ASSIGNED TASK
Your answer is the line containing "Всегда большой интерес" plus every line after it through the end of the records, printed exactly and free of pictures.

[Start of section]

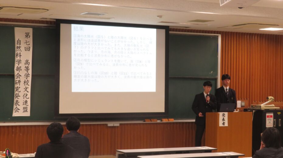 12月13日(土)、宇都宮大学峰キャンパスにおいて「第7回栃木県高等学校文化連盟自然科学部門研究発表会」が開催され、県内16の研究団体が参加しました。本校天文部は、「月の表面のスペクトル」を題目に、身近な月のクレーターや平地の光を分析するとともに、地形模型を作成し、シミュレーションによる成果を発表しました。
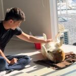 飼い主が廊下で寝てみたら…→大型犬たちによって廊下が天国に!?「羨ましい」「幸せそう」の声
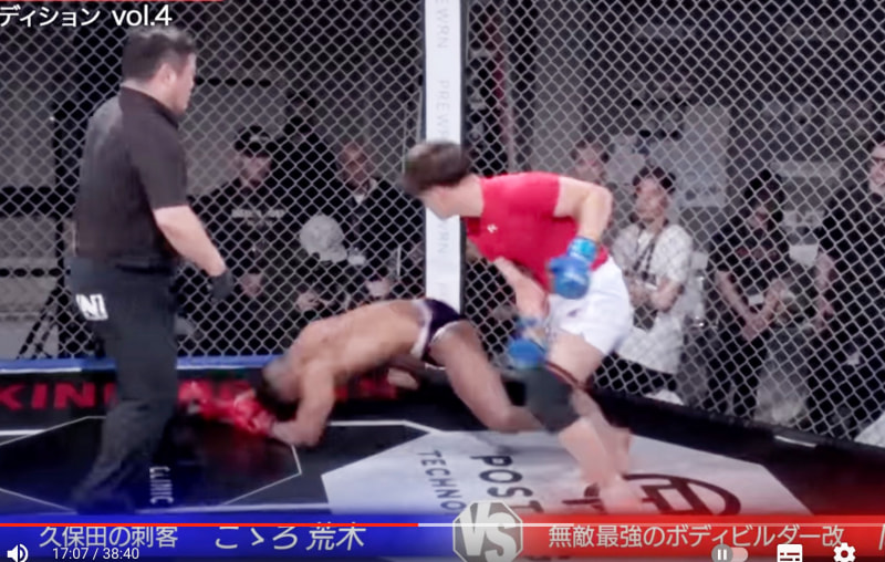 岡田が崩れるように前からダウン(朝倉未来YouTubeより)
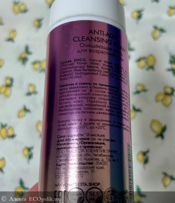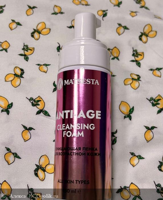 Всегда большой интерес у меня вызывают очищающие средства, потому что это важнейший процесс ухода. Ведь если плохо очистишь – и крем хуже работает. Антивозрастная очищающая пенка для зрелой кожи ANTI-AGE CLEANSING FOAM Matsesta – это очень удачный продукт, который прекрасно очищает кожу, при этом не раздражая кожу. Это очень важно, потому что с возрастом кожа становится более чувствительной, барьерные функции ухудшаются. Поэтому чистота должна быть без раздражений.
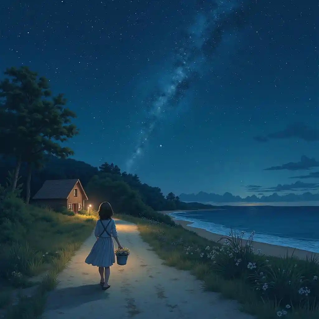 Seorang gadis berjalan di jalan dengan seember bunga di tengah malam. Satu mil jauhnya ada rumah yang dikelilingi pepohonan. Di sisi lain ada pantai dengan bintang-bintang memantulkan air.

[End of section]

SOLUTION
 Всегда большой интерес у меня вызывают очищающие средства, потому что это важнейший процесс ухода. Ведь если плохо очистишь – и крем хуже работает. Антивозрастная очищающая пенка для зрелой кожи ANTI-AGE CLEANSING FOAM Matsesta – это очень удачный продукт, который прекрасно очищает кожу, при этом не раздражая кожу. Это очень важно, потому что с возрастом кожа становится более чувствительной, барьерные функции ухудшаются. Поэтому чистота должна быть без раздражений.
 Seorang gadis berjalan di jalan dengan seember bunga di tengah malam. Satu mil jauhnya ada rumah yang dikelilingi pepohonan. Di sisi lain ada pantai dengan bintang-bintang memantulkan air.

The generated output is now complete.